The hero's welcome that greeted Donald Trump at this past weekend's CPAC gathering in Maryland -- despite the fact that he tried to subvert the 2020 presidential election while inciting a riot at the Capitol -- should be a cause for concern over what it will take for his fans to abandon him.

That is the opinion of former U.S. Naval War College professor and conservative Tom Nichols, writing for the Atlantic.

Trump's appearance allowed him to give a two-hour speech that recycled his usual laundry list of grievances and included him darkly suggesting to the crowd "I am your retribution," which led Nichols to sum up the speech as a "litany of lunacy."

"Much of it was hallucinatory," he said. "Amusing as it is to listen to President von Munchausen and his many 'sir' stories, Trump is the former commander in chief of the U.S. armed forces and the current front-runner for the Republican nomination in 2024. He is as dangerous as ever to our democracy and to our national security."

Nichols added that he wants "...to turn attention from Trump’s evident emotional issues to consider a more unsettling question: How, in 2023, after all we know about this man and his attacks on our government and our Constitution, do we engage the people who heard that speech and support Donald Trump’s candidacy?"

He went on to explain that part of the problem has been the timidity of the press to question hardcore fans of the former president to explain themselves instead of falling back on explaining the disconnect with reality with convenient excuses of "economic anxiety."

"Media, flummoxed by having a sociopathic narcissist in the Oval Office, treated Trump like a normal political leader, and soon we all—even me—became accustomed to the fact that the president of the United States routinely sounded like the guy at the end of the bar who makes you decide to take your drink over to a table or a booth," he admitted. "When Joe Biden won, I hoped that this strange fever gripping so many Americans would finally pass. But the fever did not break, not even after January 6, 2021, and the many hearings that showed Trump’s responsibility for the events of that black day."

Now there is the Trump CPAC speech and the response to it is a warning that the Trump fever has not broken.

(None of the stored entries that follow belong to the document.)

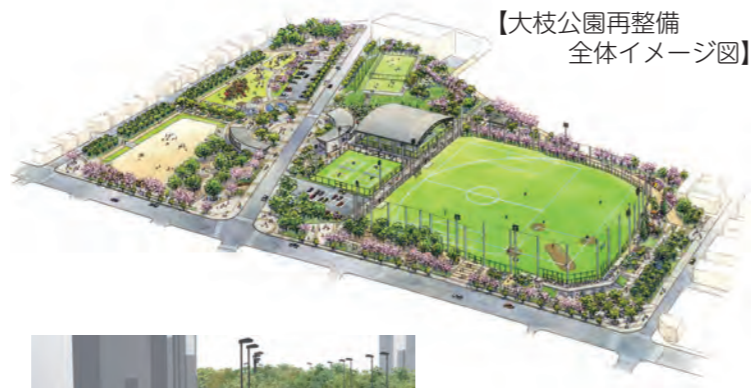
【大枝公園再整備 全体イメージ図】

平成28年度に施工した多目的球技場に引き続き、平成29年度はテニスコートや西側パークセンター、災害時に避難者や支援車両が円滑に通行できる園路、防火樹林帯、防火水槽やマンホールトイレなどの工事を行います。
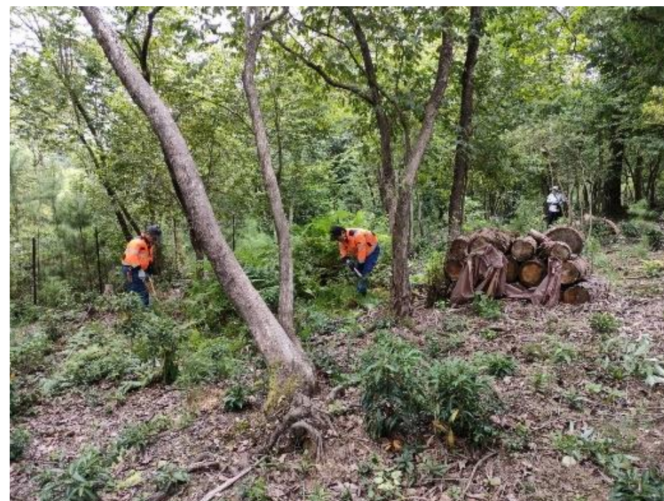
小倉山における維持管理活動の様子
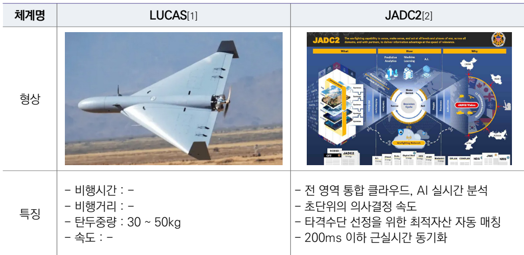
[ 표 1 ] 중동전쟁에서 적극 활용된 미국 신규 무기
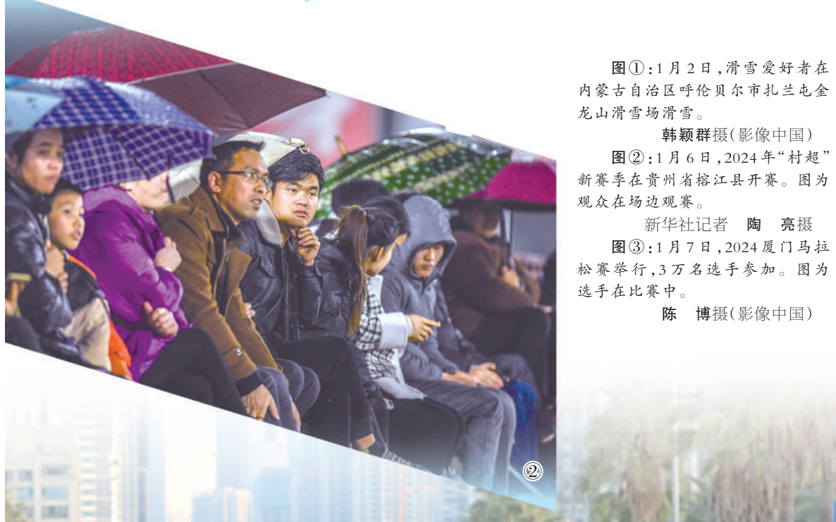
图②:1月6日,2024年“村超”新赛季在贵州省榕江县开赛。图为观众在场边观赛。
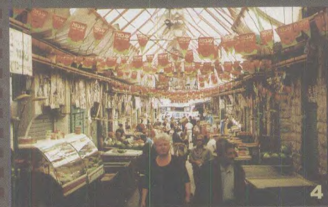
4.耶路撒冷市中心耶胡达市场。这里果蔬新 鲜，价格低廉，吸引不少中国人到此采购
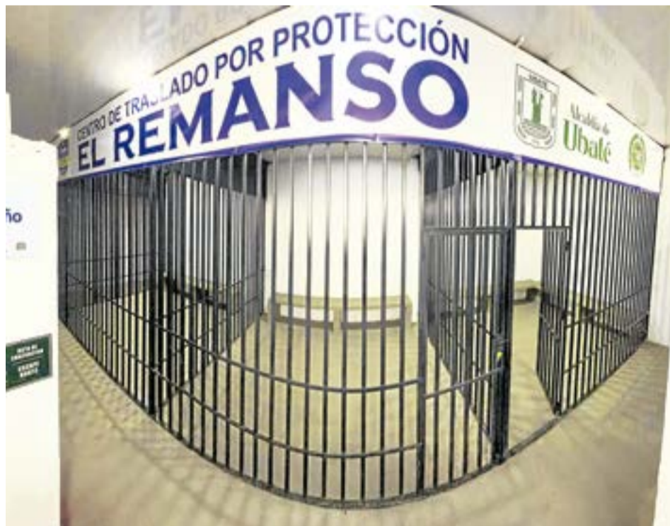
Durante el primer año se medirán indicadores como número de traslados, cumplimiento del límite de 12 horas.

El centro tiene capacidad para 120 personas, operará bajo los lineamientos de la Ley 1801 de 2016 y contará con presencia policial permanente y un equipo interdisciplinario financiado con un presupuesto anual de $231 millones.
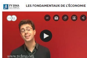
Fondamentaux de l'économie http://bit.ly/2DWqfAn
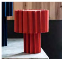
FOLKFORM Plissé table lamp
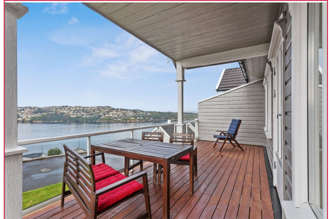
Herlig sjøutsikt fra terrasse
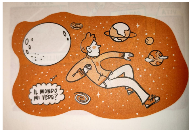
Cirillo, Lancini; 2022

“Onlife” in classe: da monomedialità (uomo - libro) a multimedialità.
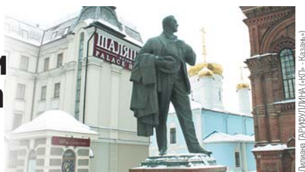
Дмитрия ГАРИФУЛЛИНА (СПТ - Казань)
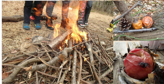
*各写真はいまままでに実施した際の写真です。

寒い冬でも元気に過ごす、心も体もぼっかぽか♪ 冬の森ってどんなかな?ひんやりひっそりと冬を越す自然 の中へ、さあ出発!森のタカラモノで、ひみつのおうちを 作ったり、たき火でおやつをつくったり。 2015年最後のキャンプは、これで決まり!
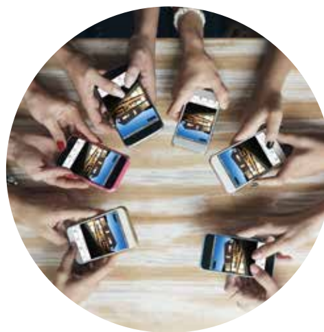
Tutte le app associate al medesimo account sincronizzano la configurazione automaticamente
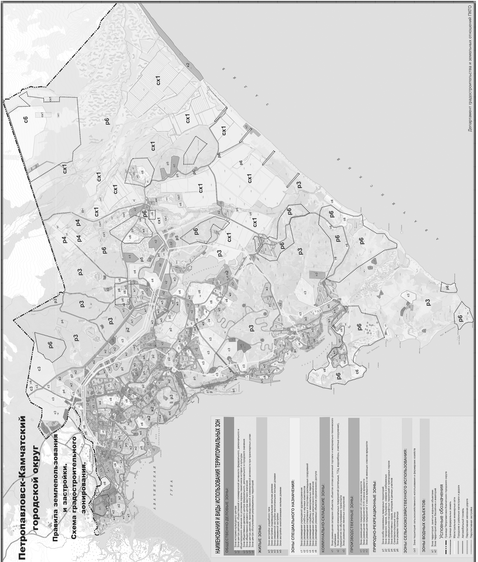
Схема градостроительного зонирования

Приложение 1 к решению Городской Думы Петропавловск-Камчатского городского округа «О Правилах землепользования и застройки Петропавловск-Камчатского городского округа» от 12.10.2010 № 294-нд
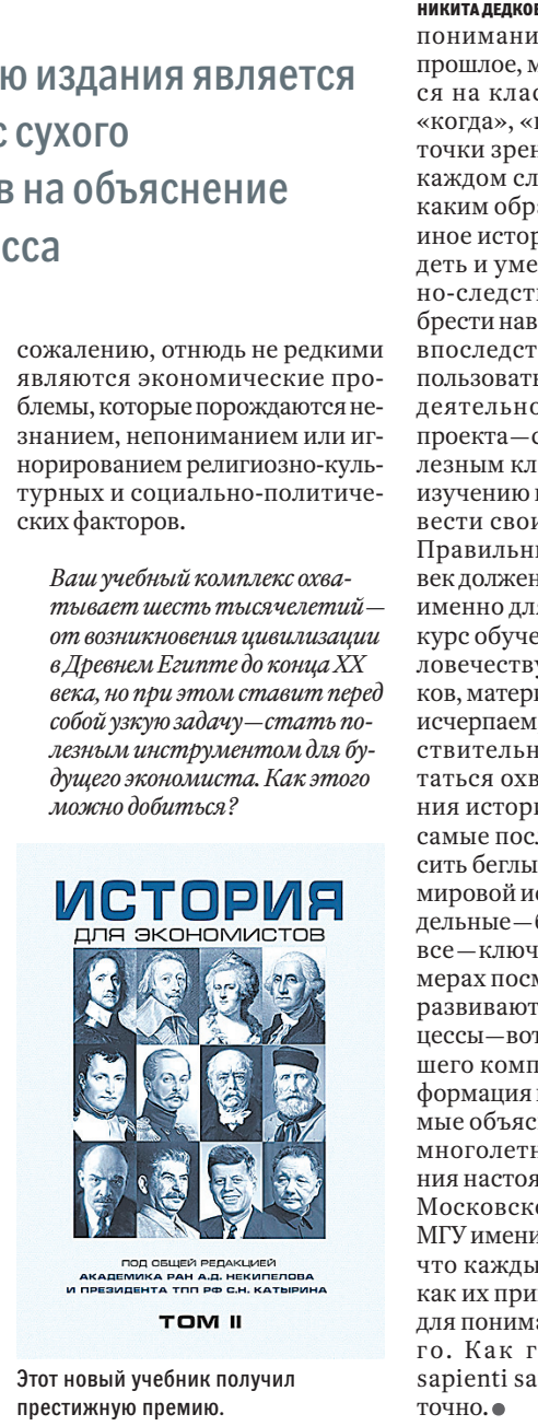
Этот новый учебник получил престижную премию.
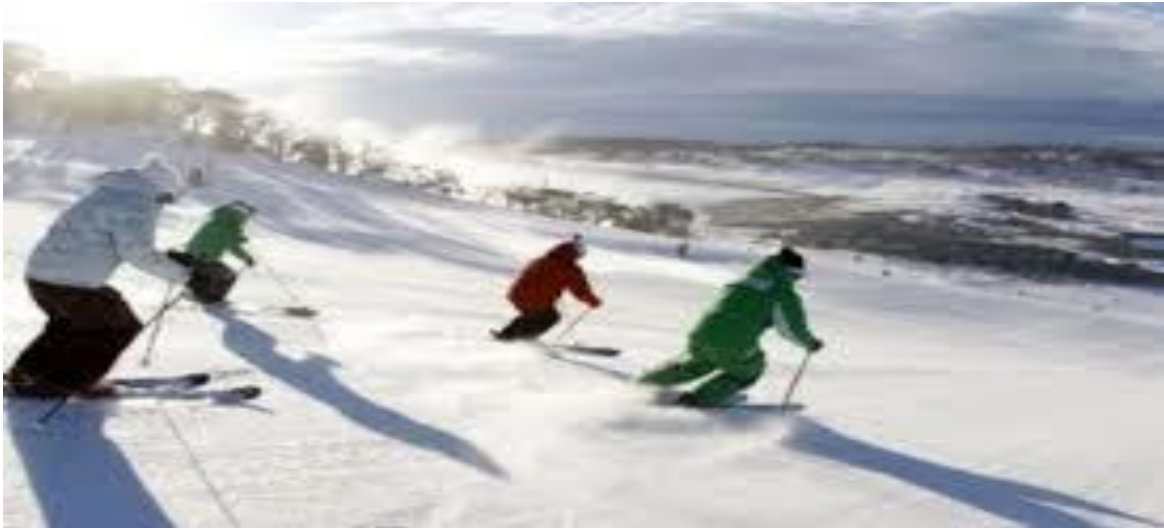
الصورة رقم 05 مهرجان شتاء زحل

الربيع - نحن تقليدياً نحب أيضاً الاحتفال ببدء هذا الموسم. تعود مهرجانات الربيع مثل مهرجان Gaelic Beltane و احتفالات عيد العمال إلى قرون. عندما تنفتح أزهار جديدة ، تولد الحملان في الحقول ، وتنمو الأيام لفترة أطول وتزداد درجة الحرارة دفئاً ، نريد أن نحتفل. تركز المهرجانات حول هذا الوقت عادة على الحياة الجديدة والأمل في المستقبل ، مع الرقص والغناء والفواكه والخضروات التي دخلت الموسم للتو 1 .

"We’ve all cataloged this kind of Trumpian weirdness many times, and I still feel pity for the fact-checkers who try to keep up with him. But I wonder if there is any point. By now it should be clear that the people listening to Trump don’t care about facts, or even about policy or politics. They enjoy the show, and they want it back on TV for another four years," he wrote before bluntly stating, "And this is a problem not with Trump but with the voters."

"There was a time when we forced people out of public life for offenses far less than Donald Trump’s violent and seditious corruption. We were a better country for it, and returning to that better time starts with media outlets holding elected Republicans to account for Trump’s statements—but also with each of us refusing to accept rationalizations and equivocation from even our friends and family," he continued before darkly warning, "The stakes are even clearer and steeper now; we cannot fail this test again."